Here we define the DNA binding specificity of MeCP2 using in vitro and in vivo approaches. We show for the first time that MeCP2 binding to non-CG methylated sites is primarily restricted to the tri-nucleotides mCAC or hmCAC in vitro and in vivo. Modeling based on the X-ray structure of the MBD of MeCP2 suggests that mCAC and mCG interact with a common protein conformation and may therefore lead to indistinguishable down-stream biological effects.
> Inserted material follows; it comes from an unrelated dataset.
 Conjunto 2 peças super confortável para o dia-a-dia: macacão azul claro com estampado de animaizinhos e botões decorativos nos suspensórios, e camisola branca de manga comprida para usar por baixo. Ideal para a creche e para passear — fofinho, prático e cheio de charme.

MeCP2 binding across the adult brain genome reveals long genomic domains of high and low occupancy that match the distribution of mCAC + mCG binding sites. The results have important implications for regulation of gene expression, as we uncover a strong correlation between MeCP2 binding, mCAC + mCG density and the direction of gene mis-regulation when MeCP2 is absent or over-expressed. Our findings shed new light on the binding properties of MeCP2 and implicate MeCP2 as a global negative modulator of neuronal transcription.
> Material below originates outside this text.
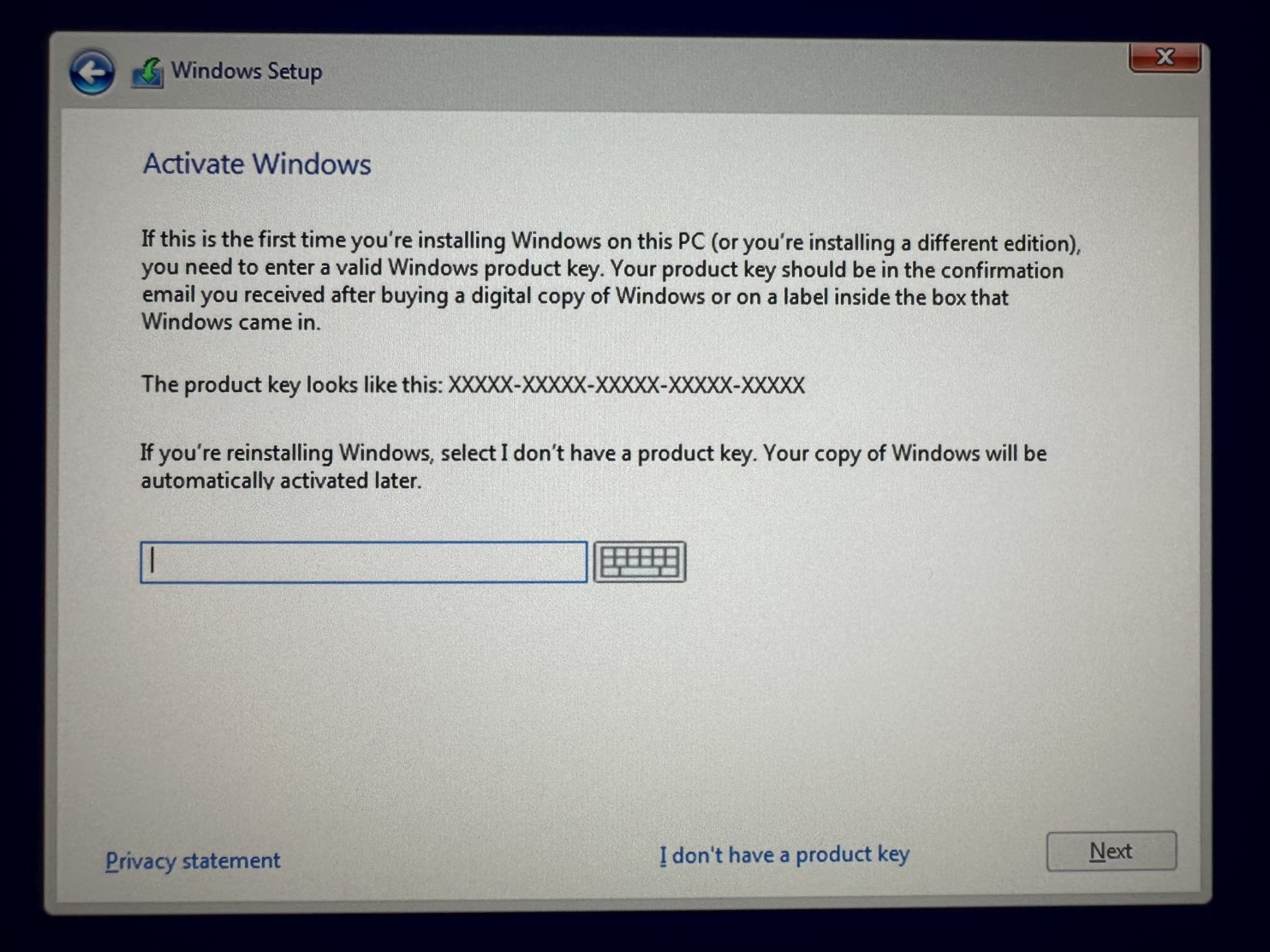 Step 13Enter your Windows 10 product key and click Next button. If you don't have it yet, simply click I don't have a product key. You will be able to enter your Windows 10 product key later and activate Windows. |

MeCP2 recognizes modified di- and tri-nucleotide sequences
The predominant methylated sequence is the di-nucleotide CG, but in adult brain mCA  and hmCG [17,28] are implicated as binding partners of MeCP2. A recent study concluded that in addition to mCG, MeCP2 binds both mCA and hmCA  and confirmed earlier reports that hmCG is a low-affinity binding site for MeCP2 [26,29–31]. In addition MeCP2 has been reported to bind in vitro to DNA in which every cytosine was substituted with hmC . To comprehensively analyze the DNA sequence determinants of MeCP2 binding in vitro we performed EMSA analysis. As full-length MeCP2 binds to DNA poorly in vitro, most likely due to masking of the MBD by unstructured C-terminal sequences, these experiments utilized the 1–205 N-terminal domain of MeCP2 which contains the MBD and only robustly detectable AT-hook . The MBD is the dominant DNA binding motif in MeCP2 and most missense mutations that cause RTT disrupt its ability to bind methylated DNA. Unexpectedly, the EMSA data revealed a novel constraint on MeCP2 binding, as the third base following mCA strongly affected MeCP2 binding affinity in vitro (Fig 1A). Probes containing the mCAC tri-nucleotide sequence bound with high affinity to MeCP2, whereas probes containing mCAA, mCAG and mCAT bound much less strongly. This result was confirmed in EMSA experiments using all possible mCXX tri-nucleotide sequences as unlabeled competitors against a labeled mCGG-containing probe (Fig 1B). Quantification showed that mCAC and, to a lesser extent mCAT, are both effective competitors, but mCAG and mCAA compete no better than non-methylated control DNA (Fig 1C). All mCGX oligonucleotide duplexes competed strongly indicating that the base following mCG on the 3’ side does not have a large effect on binding, although we note that mCGA was reproducibly a weaker competitor than mCGC, mCGG or mCGT. Neither mCCX nor mCTX tri-nucleotides had a significant affinity for MeCP2 in vitro.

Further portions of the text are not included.